Treatment of hairy cell leukemia
Published in Expert Review of Hematology, 2020
Dai Chihara, Robert J. Kreitman
The definition of CR includes absence of morphologic evidence of HCL in both blood and bone marrow aspirate and biopsy, and near normalization of peripheral blood counts without transfusion or growth factors for at least 4 weeks: hemoglobin > 11–12 g/dL, platelets > 100/nL, and absolute neutrophil count > 1.5/nL [6,16]. Patients in CR should have regression of splenomegaly by physical exam, although incomplete regression and even residual hypersplenism can persist despite CR [29]. This may be due to residual enlargement of non-hematologic structural components of the spleen which takes longer to resolve.

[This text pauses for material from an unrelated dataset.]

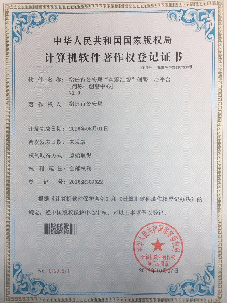 近日,由我司同宿遷市公安局自主研發(fā)的宿遷市公安局“眾籌匯智”創(chuàng)警中心平臺成功獲得軟件著作權(quán)登記證書。 市局研發(fā)的創(chuàng)警中心平臺為國內(nèi)首次發(fā)布,系市局首個自主開發(fā)、擁有自主版權(quán)的計算機軟件。此次軟件著作權(quán)的取得,對外展示了我...
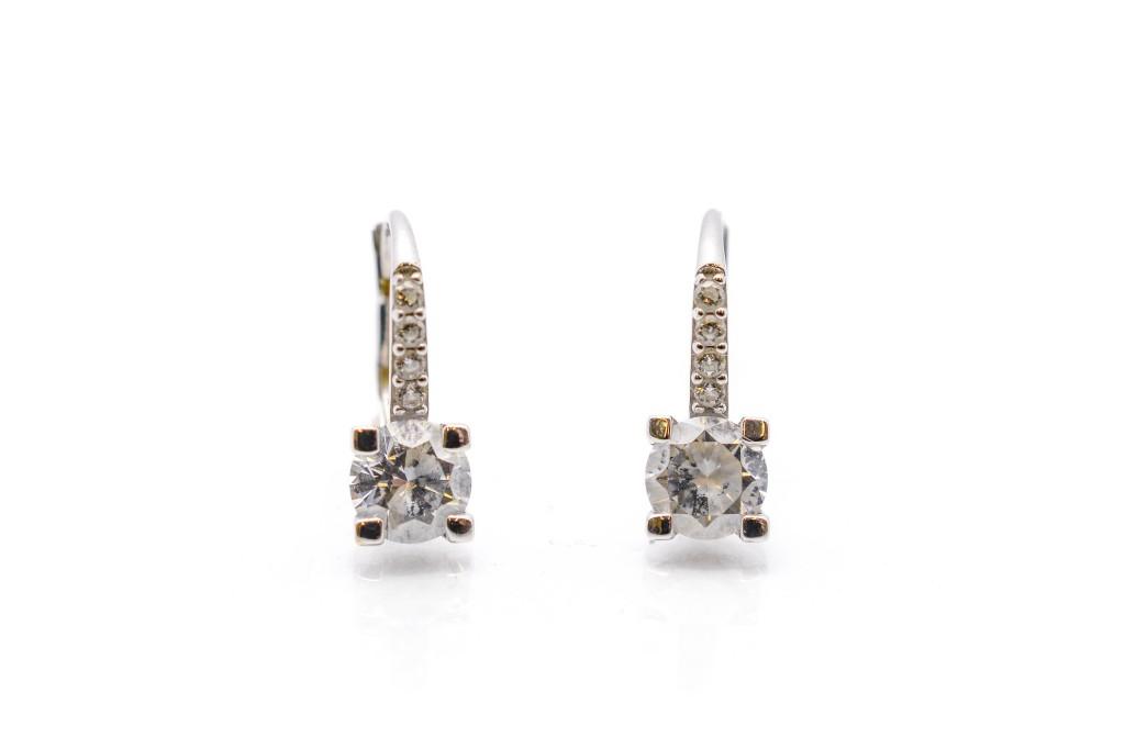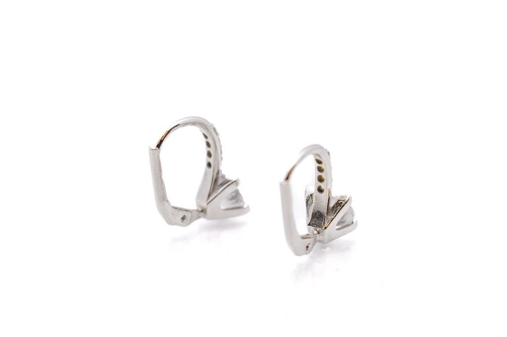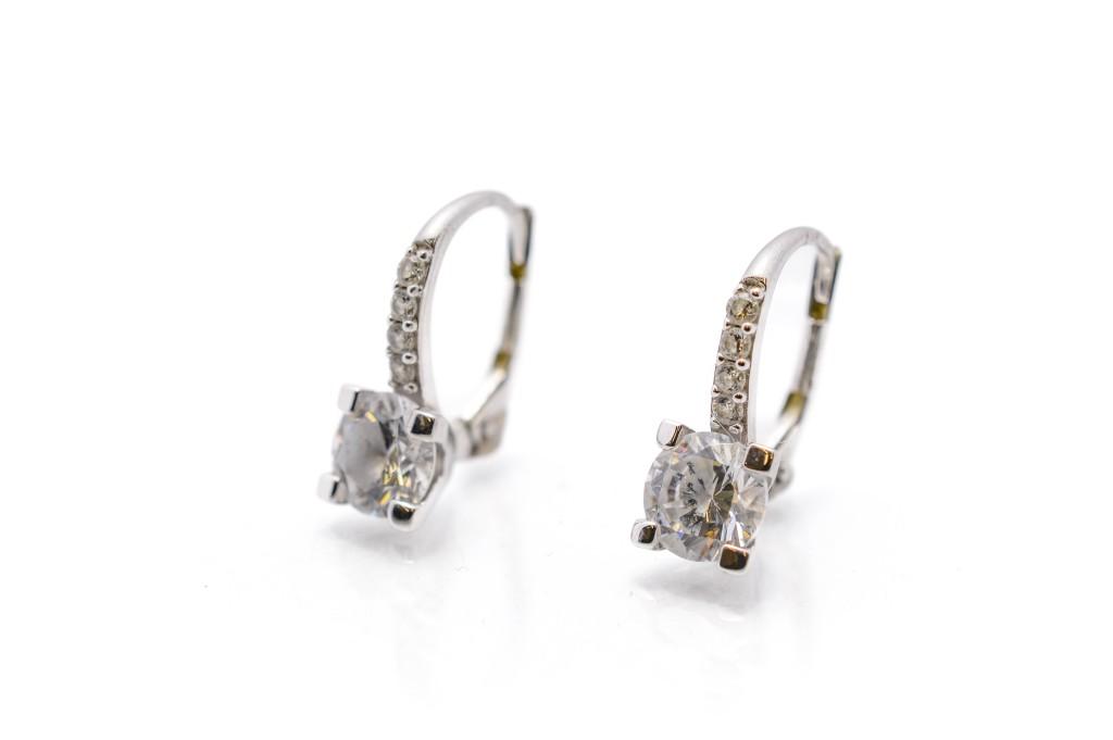 Zlaté náušnice z bílého zlata o ryzosti 585/1000, punc labuť. Váha 2,71 g, výška 16 mm, průměr kamene 6 mm.

In Partial remission (PR) but not CR, patients may have residual disease in the bone marrow by hematoxylin and eosin (H/E) stain [6,16,30]. PR by the consensus guidelines requires near normalization of the blood count as required by CR criteria and at least 50% reduction in organomegaly and bone marrow HCL infiltration [6,31]. Several protocols besides ours accepted >50% improvement in cytopenias as sufficient for PR [16,32,33], and in these protocols resolution of cytopenias to CR criteria qualified as a ‘good PR’ [32] or hematologic remission (HR) [34–37]. Our protocols have avoided the PR requirement for >50% improvement bone marrow infiltration due to the heterogeneity of marrow infiltration in multiply relapsed HCL. Also, we try to delay post-treatment bone marrow procedures until patients meet all other criteria to confirm CR. Also, for PR, we and others required 50% or greater reduction in circulating HCL cells [14,16,38], and we do not rely on physical exam to assess splenomegaly due to lack of accuracy and objectivity. Morphologic relapse includes leukemic cells in peripheral blood and/or bone marrow biopsy by morphologic stains, while hematologic relapse involves reappearance of cytopenias. Treatment is generally considered necessary for hematologic but not morphologic relapse, due to the long period of time which usually occurs between morphologic and hematologic relapse.